What you need to do: Go through the listing below and output exactly the line with "Sleek red over", the line with "[摘要]基于语文新课标的课程", and each line between; omit the rest.

Data records:
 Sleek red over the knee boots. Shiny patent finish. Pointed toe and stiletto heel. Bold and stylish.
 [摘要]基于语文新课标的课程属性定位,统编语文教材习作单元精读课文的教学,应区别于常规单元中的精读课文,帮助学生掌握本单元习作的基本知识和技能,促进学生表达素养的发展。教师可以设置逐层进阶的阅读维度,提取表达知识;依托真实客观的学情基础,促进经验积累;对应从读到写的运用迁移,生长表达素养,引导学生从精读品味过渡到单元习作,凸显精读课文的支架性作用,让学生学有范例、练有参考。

...

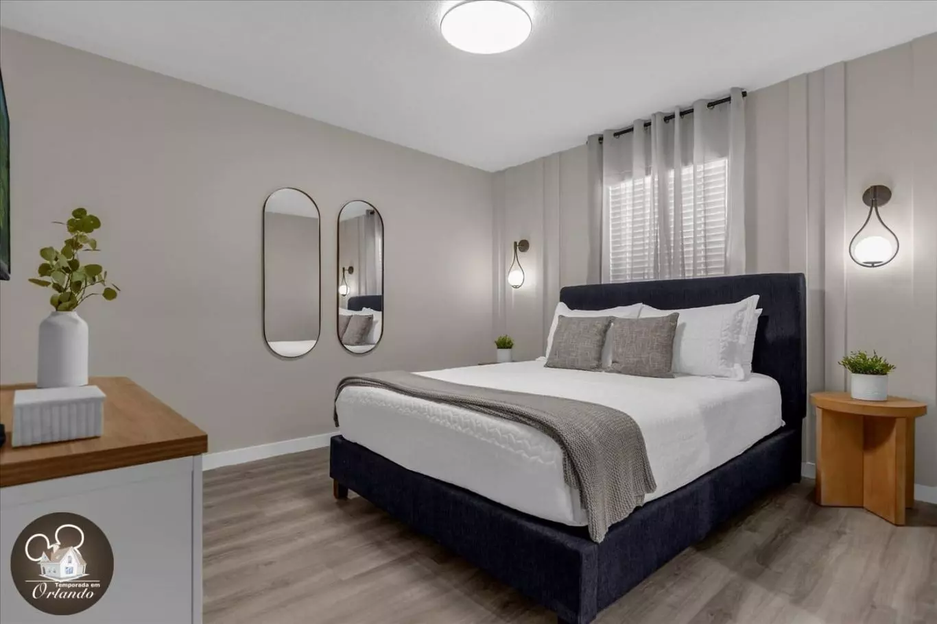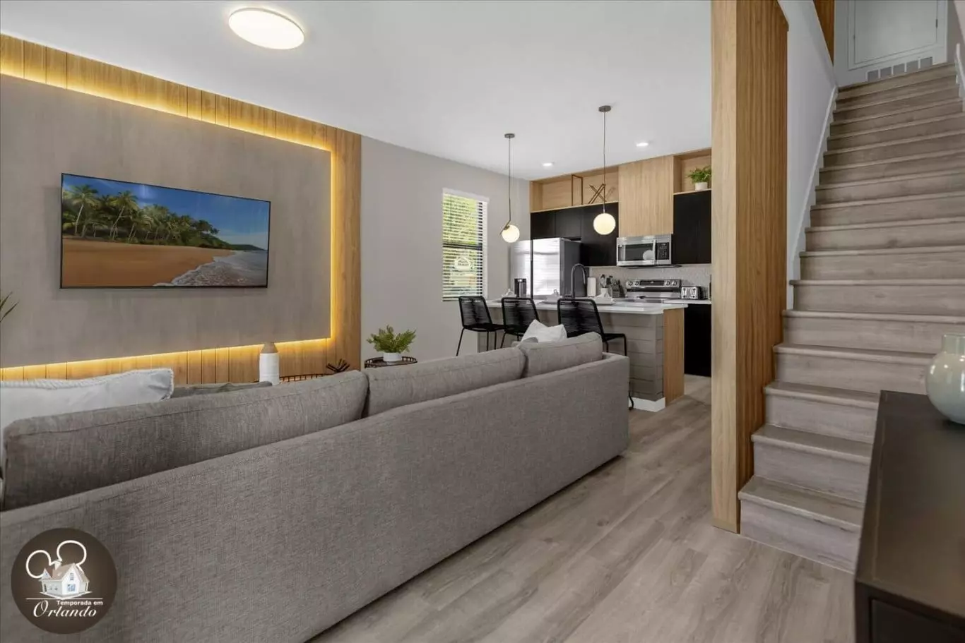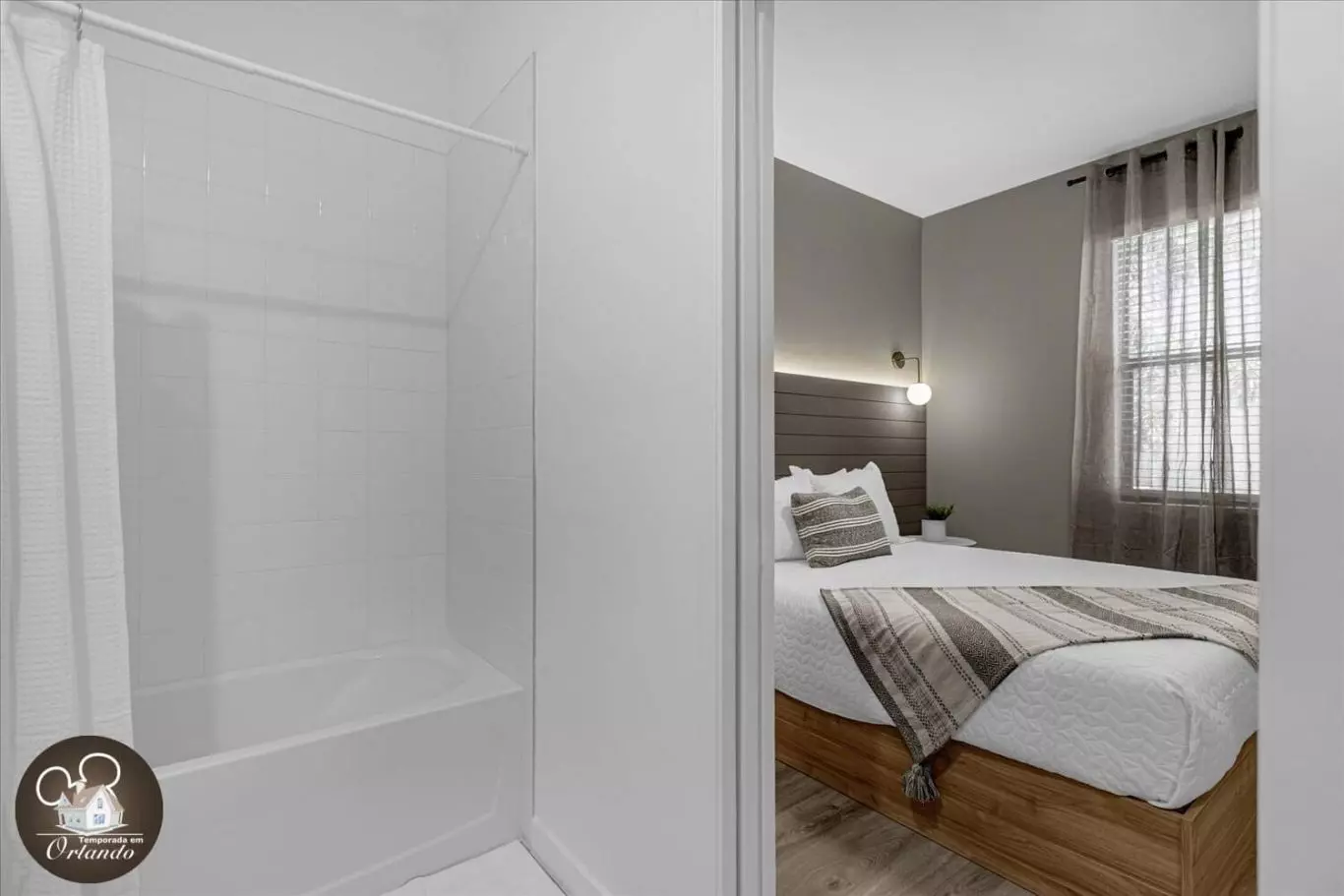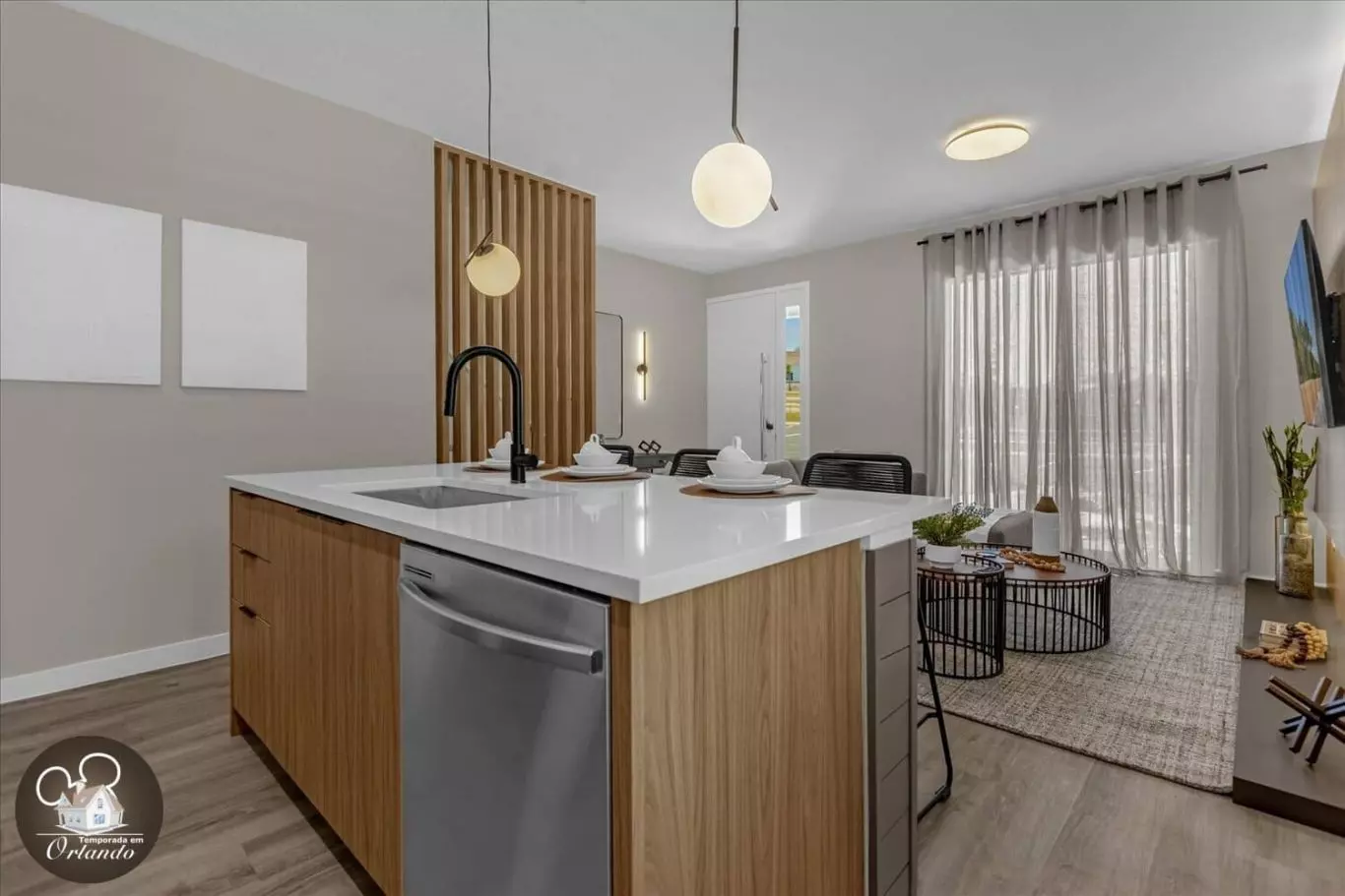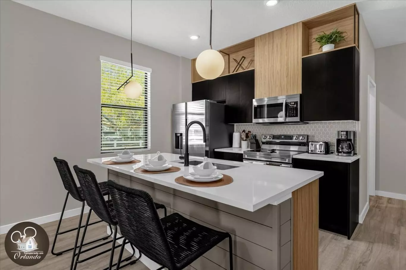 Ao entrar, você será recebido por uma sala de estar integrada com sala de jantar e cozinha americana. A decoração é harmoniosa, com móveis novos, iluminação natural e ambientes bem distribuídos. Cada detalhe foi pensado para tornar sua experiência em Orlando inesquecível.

Answer for this exercise:
 Sleek red over the knee boots. Shiny patent finish. Pointed toe and stiletto heel. Bold and stylish.
 [摘要]基于语文新课标的课程属性定位,统编语文教材习作单元精读课文的教学,应区别于常规单元中的精读课文,帮助学生掌握本单元习作的基本知识和技能,促进学生表达素养的发展。教师可以设置逐层进阶的阅读维度,提取表达知识;依托真实客观的学情基础,促进经验积累;对应从读到写的运用迁移,生长表达素养,引导学生从精读品味过渡到单元习作,凸显精读课文的支架性作用,让学生学有范例、练有参考。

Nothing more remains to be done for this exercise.